トヨタ自動車は7月20日、全額出資の販売子会社、トヨタモビリティ東京が運営する「レクサス高輪」で不正な車検があったと発表した。パーキングブレーキの効きや排ガスの成分など5項目で必要な検査をしなかったり、数値を書き換えたりしていた。対象台数は565台。トヨタは無償で再検査する。
トヨタモビリティ東京によると、不正車検があった時期は確認できただけでも2019年6月から21年6月17日までの約2年間。同店が扱った車両のうち約3分の1にあたる565台で、基準値を満たす値に書き換え、一部の項目を点検しなかった。不正があった検査項目は他に、ヘッドライトの明るさ、フロントタイヤの角度、スピードメーターの精度だった。
トヨタモビリティ東京の関島誠一社長らが20日、オンラインで記者会見を開き、発覚の経緯を説明した。6月17日に国土交通省の監査を受け、道路運送車両法に違反していたことが判明した。4人の検査員が「検査内容を書き換えた」「一部の検査を実施しなかった」と認めたという。これまでに事故や不具合は見つかっていない。

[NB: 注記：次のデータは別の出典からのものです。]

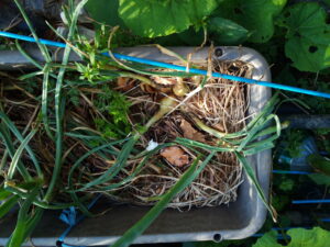 右: ペットボトル大蒜です。まぁ、そこそこ大きくはなるけれど、有機でも化学肥料も貰っていないから、これ以上は無理ですね。来年につなげます。

関島社長は「お客様や取引先の信頼を損なう結果となり、心よりおわび申し上げる」と謝罪した。会見に同席したトヨタ自動車の販売部門トップ、国内販売事業本部の佐藤康彦本部長も「大変な不安を与え、信頼をなくす案件となり、おわび申し上げたい」と陳謝し、「信頼回復を着実に進めたい」とトヨタ主導で再発防止に取り組む姿勢を強調した。
現時点では指定自動車整備事業の指定取り消しといった処分は受けていないが、関島社長は「今後国交省から厳しい処分を受ける」と述べたうえで「まずはご迷惑をおかけしたお客様への対応を最優先し、そのうえで私自らを含め事案に関わった者への処分を厳正に行う」と話した。
関島社長は不正の原因について「増加する仕事の量に対してエンジニアの人員や設備の状況が追いついておらず、慢性的に負荷の高い状況が続いていた。決められた時間内に作業を仕上げることを最優先にしてしまっていた」と説明した。
不正車検を巡っては、トヨタ自動車系の「ネッツトヨタ愛知」でも3月に見つかっていた。不正台数は5158台にのぼり、中部運輸局が指定自動車整備事業を取り消す行政処分を出した。トヨタは全国の販売店で不正がないかを調査したが、調査内容が不十分で今回の不正を見過ごす結果となっていた。